Alternative possibility of GW190521: Gravitational waves from high-mass black hole-disk systems

TL;DR

This study models high-mass black hole-disk systems to explore their gravitational wave emissions, suggesting they could explain GW190521 and serve as sources for future gravitational-wave detectors.

Contribution

It introduces numerical relativity simulations of high-mass black hole-disk systems, revealing their gravitational wave signatures and potential link to GW190521.

Findings

High-mass disks are unstable to spiral deformation.

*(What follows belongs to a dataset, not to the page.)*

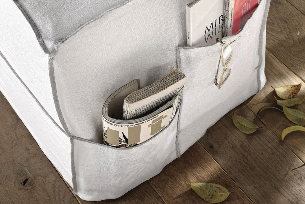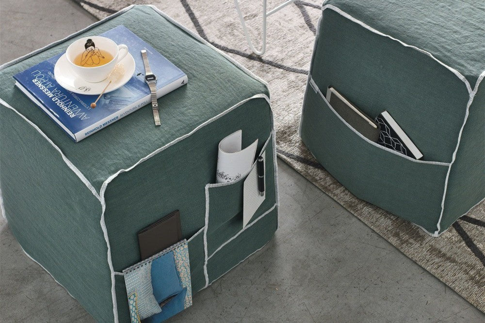 Versatile e creativo, questo pouf multifunzionale può essere utilizzato come prolungamento del divano, poggiapiedi, seduta aggiuntiva, piano d’appoggio o addirittura come coffee table, donando sempre un carattere distintivo e accogliente agli spazi in cui è inserito — dal living alla camera da letto.

Waveforms resemble GW190521.

Potential sources for future gravitational-wave detectors.

Abstract

We evolve high-mass disks of mass $15$-$50M_\odot$ orbiting a $50M_\odot$ spinning black hole in the framework of numerical relativity. Such high-mass systems could be an outcome during the collapse of rapidly-rotating very-massive stars. The massive disks are dynamically unstable to the so-called one-armed spiral-shape deformation with the maximum fractional density-perturbation of $\delta \rho/\rho \gtrsim 0.1$, and hence, high-amplitude gravitational waves are emitted. The waveforms are characterized by an initial high-amplitude burst with the frequency of $\sim 40$-$50$ Hz and the maximum amplitude of $(1$-$10)\times 10^{-22}$ at the hypothetical distance of 100 Mpc and by a subsequent low-amplitude quasi-periodic oscillation. We illustrate that the waveforms in our models with a wide range of the disk mass resemble that of GW190521. We also point out that gravitational waves from rapidly-rotating very-massive stars can be the source for 3rd-generation gravitational-wave detectors for exploring the formation process of rapidly-spinning high-mass black holes of mass $\sim 50$-$100M_\odot$ in an early universe.